Interesting to see that the theatre has been turned into an open air greenhouse 
The floor cleaners always make me smile. "Mr Hoover and Miss Floor Polisher, I now pronounce you husband and wife" 
Great explore, thanks for keeping me posted on the sad death of another great victorian asylum.


----------



## Zotez (Sep 25, 2010)

Very nice pictures, did the guard look a bit like Jimmy Carr but asian? We ran into him a fair few times!


----------



## ShellyDuckDuck (Sep 28, 2010)

Gr8 pics,i don`t think any1 gets sik of lukin at WP fotos!-keep em cumin!


----------



## klempner69 (Sep 28, 2010)

ShellyDuckDuck said:


> Gr8 pics,i don`t think any1 gets sik of lukin at WP fotos!-keep em cumin!

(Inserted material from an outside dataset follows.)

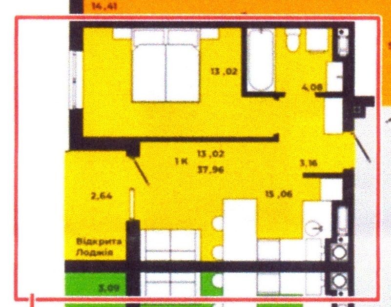 • Загальна площа: 38 кв.м

Shelly,we are quiite capable of understanding the english language..dont need to kiddyspeak!


----------



## LiamWg (Sep 28, 2010)

Very nice pictures mate  I'm planning a trip down there fairly soon with a mate. I have never been before as i have only recently started urbexing but my mate (Zotez) has been like 5 times! I heard about there bieng PIRs on the outside of the building is this true?? Once again very nice pictures mate 

LiamWG


----------



## kaboom (Sep 28, 2010)

sweet pic's mate.

the last time i went with Cagedangel and we got in throught the front door.we done wot we wanted to do and on return to get out the door we went in through only to find out it had been locked with us inside. we managed to find another way out but we had to be like stealth ninja's as there was 2 porter havin a smoke break. once they had turned their backs from us we made our exit, keepin low and all that. we then stood up to act normal but was bein watched by wot we called the Silver back (a very large coloured woman). 
we now look back gigle and love tellin this story of WP 
apart from Hellingly WP has to be at the top of my favourity sites


----------